トランプ大統領が米国企業に中国撤退を指示したヤバい理由!対中関税引き上げで中国が報復関税!米中貿易戦争激化の行方!渡邉哲也

米中貿易協定スピード決着の真相

前田有一前田有一

日米という事なんですが、読売新聞の26日には、日米貿易協定9月署名へというこのスピード感が話題になっておりますね。

渡邉哲也渡邉哲也

まぁ、アメリカ側としてはですね、今世界的な景気悪化、経済状況がおかしい、中国との貿易戦争をしている中で、やはり日本を見方につけておきたいという大きな思惑があるんだと思われるんですね。

そして、今回の合意内容そのものを見ると、主に日本が増やすものというのは、トウモロコシの輸入拡大と。

政府が補助金をつけるなどの形で、アメリカ産のトウモロコシの輸入を増加させるという、その程度のものなんですね。

まぁ、アメリカ産トウモロコシというのは、いわゆる畜産材料になるくらいですね、特段その日本でのシェアどうのこうのというものではないんですが、なんらかの象徴的なですね、日本側が妥協したというものが必要であったと。
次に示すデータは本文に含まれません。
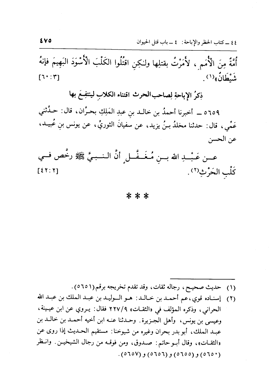 5659 - أَخْبَرَنَا أَحْمَدُ بْنُ خَالِدِ بْنِ عَبْدِ الْمَلِكِ، بِحَرَّانَ، قَالَ: حَدَّثَنِي عَمِّي، قَالَ: حَدَّثَنَا مَخْلَدُ بْنُ يَزِيدَ، عَنْ سُفْيَانَ الثَّوْرِيِّ، عَنْ يُونُسَ بْنِ عُبَيْدٍ، عَنِ الْحَسَنِ عَنْ عَبْدِ اللَّهِ بْنِ مُغَفَّلٍ، «أَنَّ النَّبِيَّ صَلَّى اللَّهُ عَلَيْهِ وَسَلَّمَ رَخَّصَ فِي كَلْبِ الْحَرْثِ» (¬2) . [2: 42]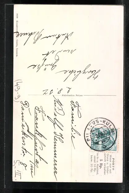 Personenbezogene Daten auf der Rückseite der Karte wurden durch blauen Textmarker unkenntlich gemacht. Die blauen Stellen sind auf die Vorderseite durchgeweicht und wirken sich negativ auf das Postkartenfoto aus

で、アメリカ側としては日本からの自動車輸出の関税はそのまま維持。

引き上げは無しという事で、日本はアメリカの余っているトウモロコシを購入するという事で、決着する事によって、とりあえず日米間の火は消したという形になるんだと思います。

そしてですね、これからの問題という事なんですけれども、確かに額とかですね、枠組み構造そのものに関しては、大きな決定はありませんでした。

しかしですね、今後ですね、まぁ、北朝鮮問題とかですね、ホルムズ海峡ですとか、様々な形でですね、日本とアメリカとの連携が必要になってくるわけですね。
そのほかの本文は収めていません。